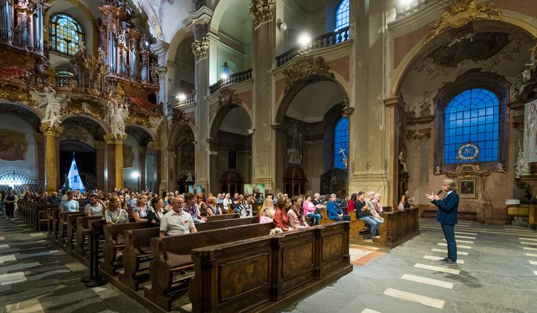 Kostol Panny Márie Snežnej v Olomouci mal počas noci takisto vysokú návštevnosť, okrem iného aj v rámci prehliadky pre deti. Snímka: Človek a Viera/Pavel Langer
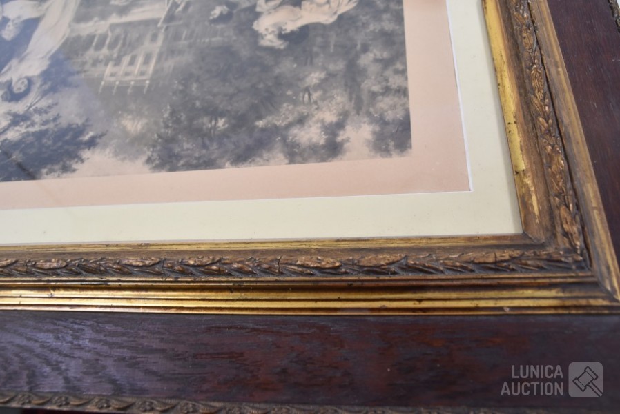 Lithografie van Leopold Verger, Parijs; Mooi ingelijst, achter glas. Afmeting (bxh) 80x70 cm
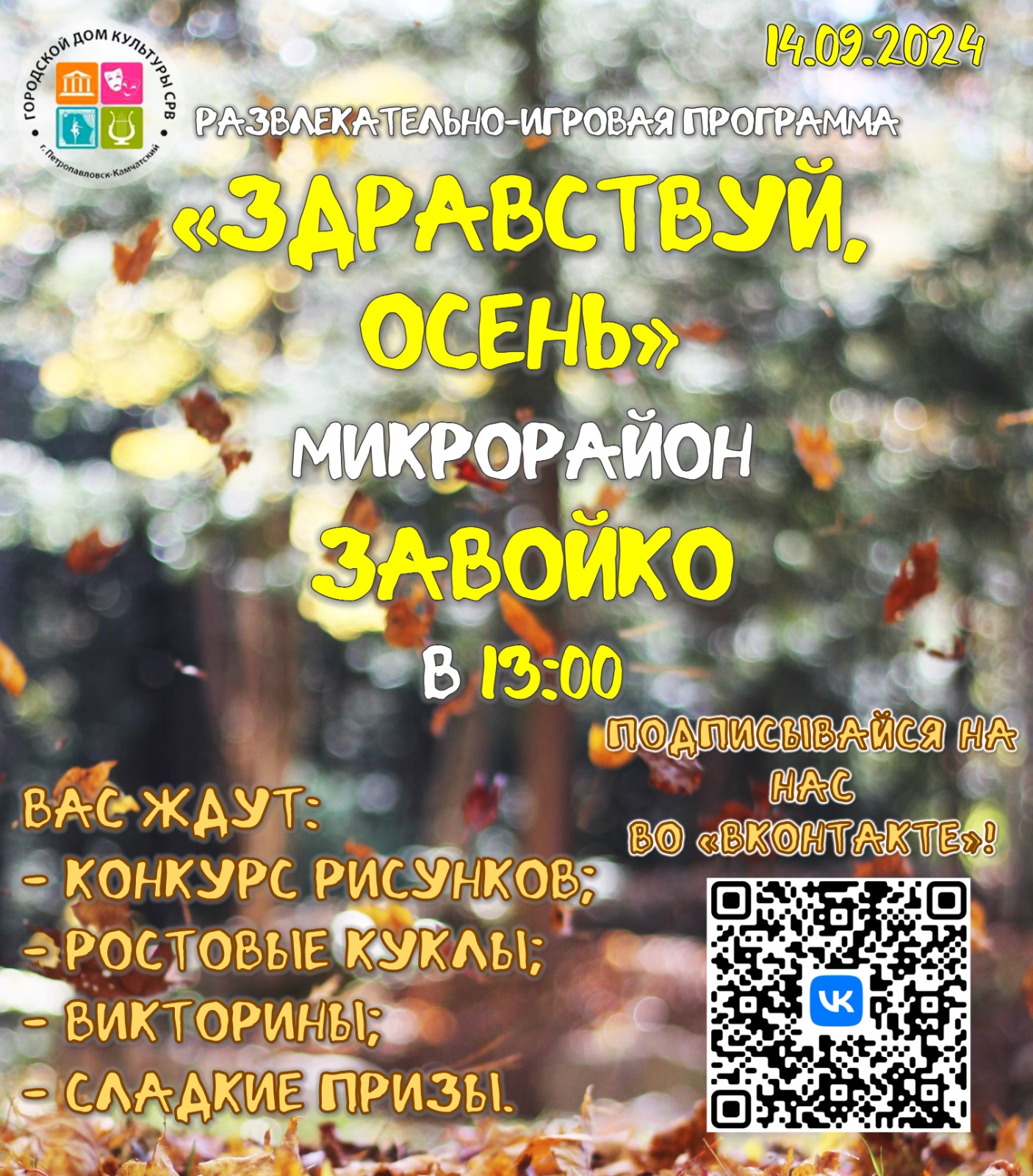 В субботу и воскресенье с 13 до 15 часов для горожан пройдет развлекательно-игровая программа «Здравствуй, осень!». 14 сентября мероприятие состоится на территории детской площадки по улице Петра Ильичева, 54, 58 в микрорайоне Завойко. 15 сентября — в парке на улице Индустриальная.
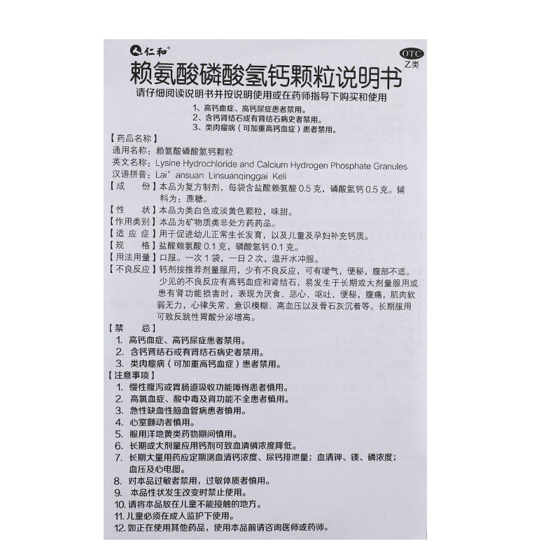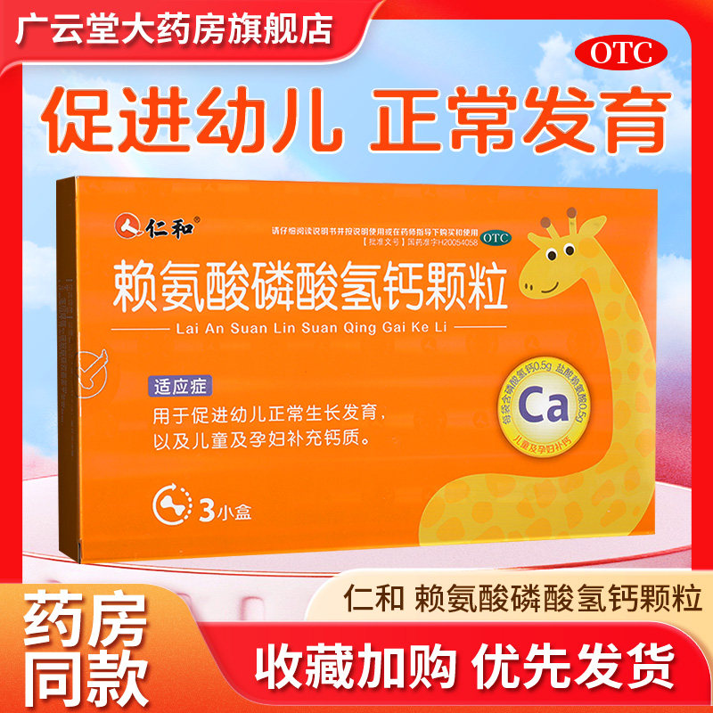 仁和 Лизин кальций водород фосфатный гранулы 24 пакета добавки кальция для детей у беременных, способствующих нормальному развитию маленьких детей GQ
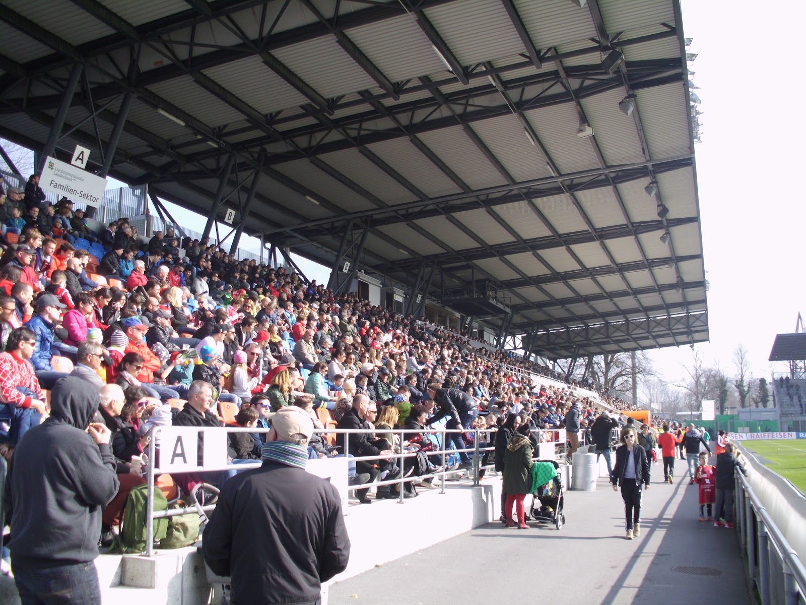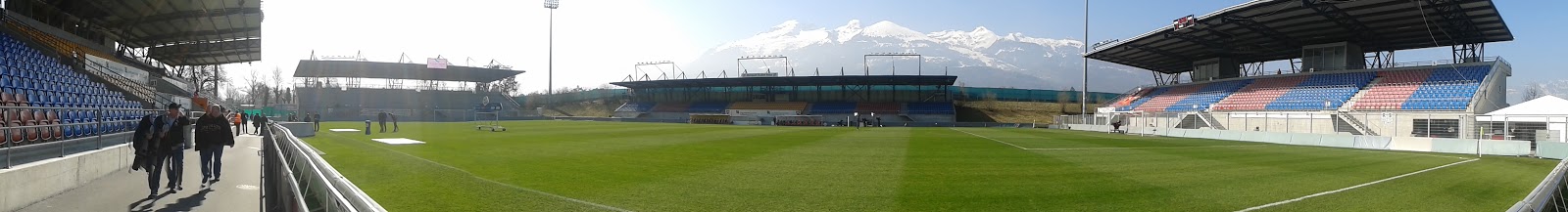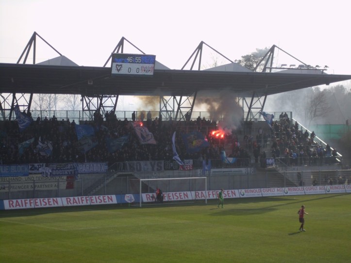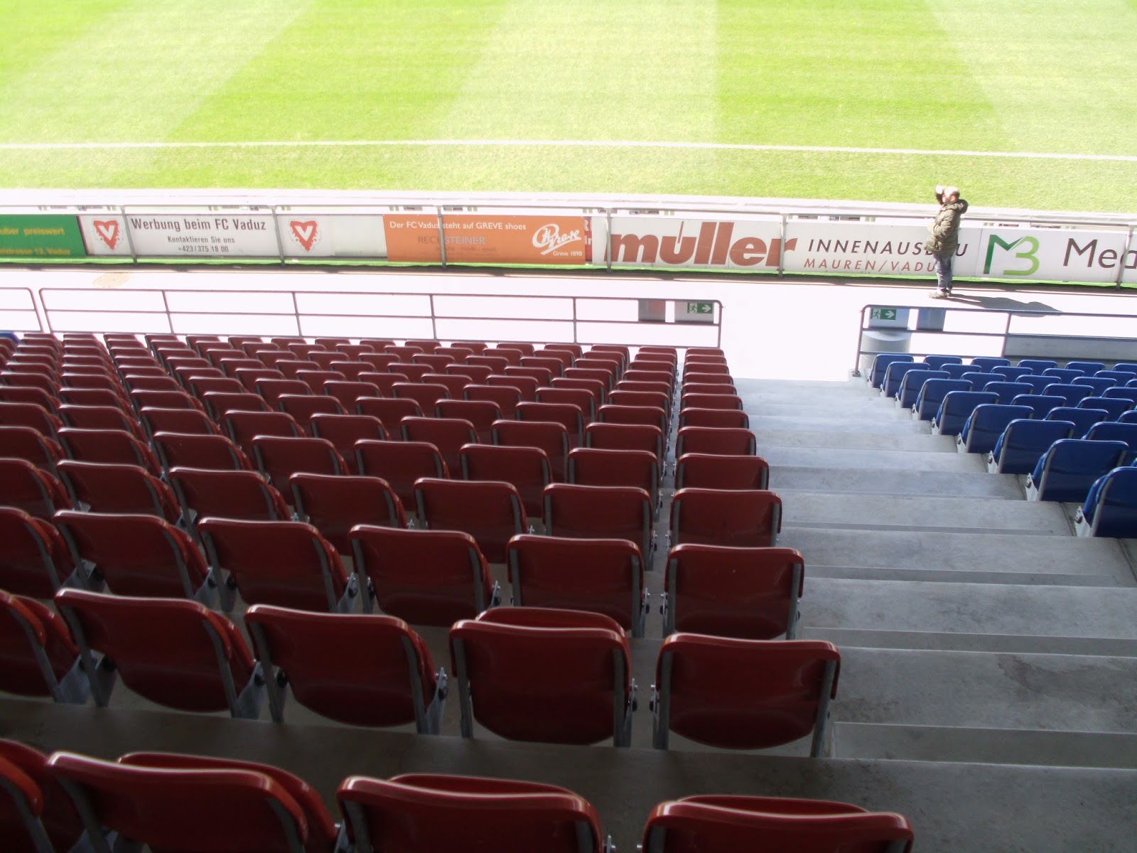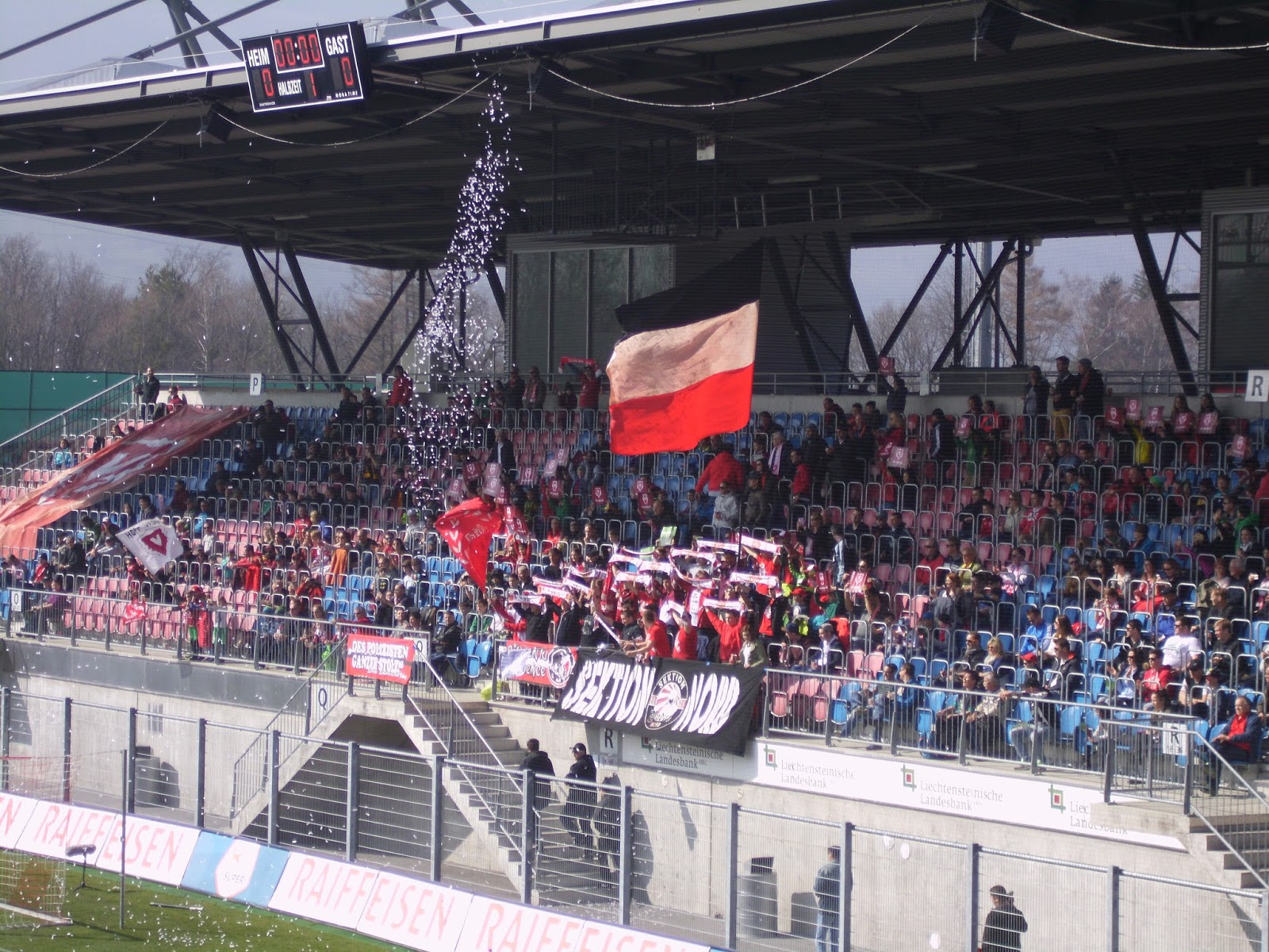 Das Stadion befindet sich etwas abseits des Vaduzer Stadtzentrums, dem Namen entsprechend direkt am Rhein. Die vier Tribünen sind für ein Kleinstadion durchwegs okay, wenn auch nicht gerade stimmungsfördernd weit auseinandergebaut. Wenn, dann sorgen aber wohl meist eh eher die Gästefans dafür, wie heute die sicher knapp über 1.500 Züricher. Der fürstentümliche Fansektor ist nämlich höchstens als bemüht zu bezeichnen, auch wenn er mit dem Transparent „Des Polizisten ganzer Stolz“ durchaus Ironiepunkte abstauben kann.

- YOUR TASK: Exact copies of all the entries, without any pictures, are what the answer must contain.

- TASK RESULT:
 Kostol Panny Márie Snežnej v Olomouci mal počas noci takisto vysokú návštevnosť, okrem iného aj v rámci prehliadky pre deti. Snímka: Človek a Viera/Pavel Langer
 Lithografie van Leopold Verger, Parijs; Mooi ingelijst, achter glas. Afmeting (bxh) 80x70 cm
 В субботу и воскресенье с 13 до 15 часов для горожан пройдет развлекательно-игровая программа «Здравствуй, осень!». 14 сентября мероприятие состоится на территории детской площадки по улице Петра Ильичева, 54, 58 в микрорайоне Завойко. 15 сентября — в парке на улице Индустриальная.
 仁和 Лизин кальций водород фосфатный гранулы 24 пакета добавки кальция для детей у беременных, способствующих нормальному развитию маленьких детей GQ
 Das Stadion befindet sich etwas abseits des Vaduzer Stadtzentrums, dem Namen entsprechend direkt am Rhein. Die vier Tribünen sind für ein Kleinstadion durchwegs okay, wenn auch nicht gerade stimmungsfördernd weit auseinandergebaut. Wenn, dann sorgen aber wohl meist eh eher die Gästefans dafür, wie heute die sicher knapp über 1.500 Züricher. Der fürstentümliche Fansektor ist nämlich höchstens als bemüht zu bezeichnen, auch wenn er mit dem Transparent „Des Polizisten ganzer Stolz“ durchaus Ironiepunkte abstauben kann.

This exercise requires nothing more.